Github repository of the study:
Inferring Off-Target effects of drugs on cellular signaling using Interactome-Based deep learning
Nikolaos Meimetis1, Douglas A. Lauffenburger1, Avlant Nilsson1,2,3*
- Department of Biological Engineering, Massachusetts Institute of Technology, Cambridge, MA 02139, USA
- Department of Cell and Molecular Biology, SciLifeLab, Karolinska Institutet, Sweden
- Department of Biology and Biological Engineering, Chalmers University of Technology, Gothenburg, SE 41296, Sweden
- Corresponding author, [email protected]
doi: https://doi.org/10.1016/j.isci.2024.109509
This repository is administered by @NickMeim. For questions contact [email protected]
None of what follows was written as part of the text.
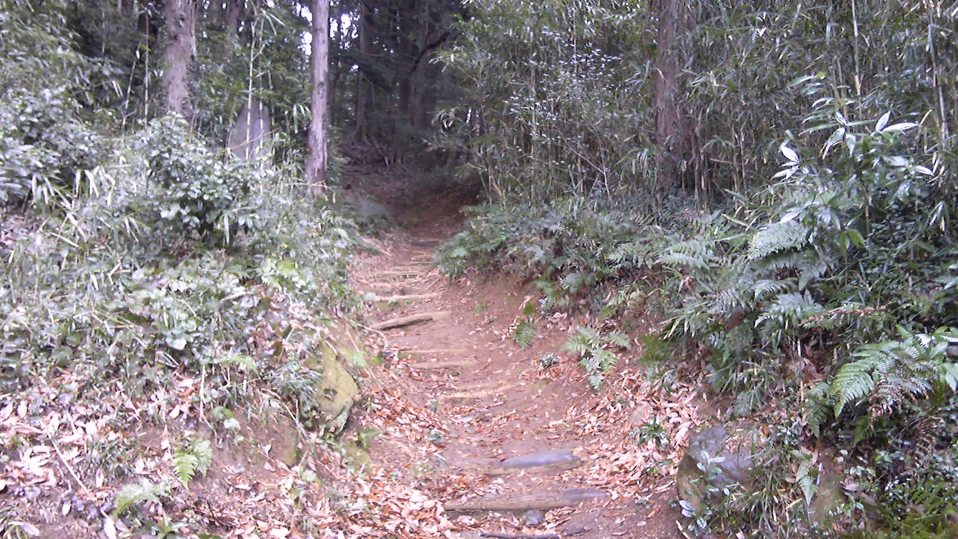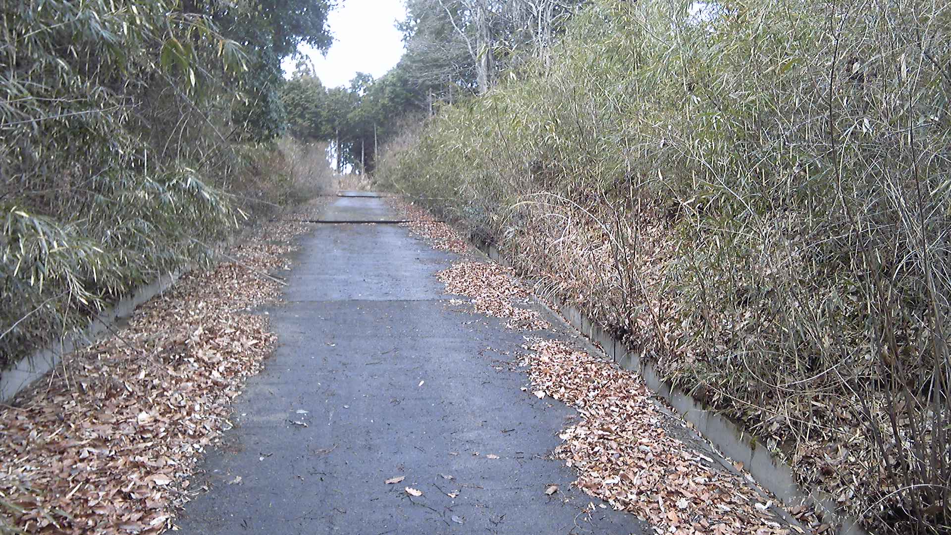 「通行止」の看板が道の横によけてある最後の家を過ぎると、筑波山系名物滑り止めコンクリ道になる。傾斜はかなりきつい。標高差200mだからたいしたことはないと思って登るが、なかなか峠まで行かない。何度もスマホで現在地を確認する。

Trained models of this study are too big to be uploaded here and are available upon reasonable request. Supplementary Data File 1.xlsx and Supplementary Data File 2.xlsx is in the results folder
Ensembles of 50 models are trained for 33 cell lines in the L1000 dataset and are available here:
Many diseases emerge from dysregulated cellular signaling, and drugs are often designed to target specific nodes in cellular networks e.g. signaling proteins, or transcription factors. However, off-target effects are common and may ultimately result in failed clinical trials. Computational modeling of the cell’s transcriptional response to drugs could improve our understanding of their mechanisms of action. Here we develop such an approach based on ensembles of artificial neural networks, that simultaneously infer drug-target interactions and their downstream effects on intracellular signaling. Applied to gene expression data from different cell lines, it outperforms basic machine learning approaches in predicting transcription factors’ activity, while recovering most known drug-target interactions and inferring many new, which we validate in an independent dataset. As a case study, we explore the inferred interactions of the drug Lestaurtinib and its effects on downstream signaling. Beyond its intended target (FLT3) the model predicts an inhibition of CDK2 that enhances downregulation of the cell cycle-critical transcription factor FOXM1, corroborating literature findings. Our approach can therefore enhance our understanding of drug signaling for therapeutic design.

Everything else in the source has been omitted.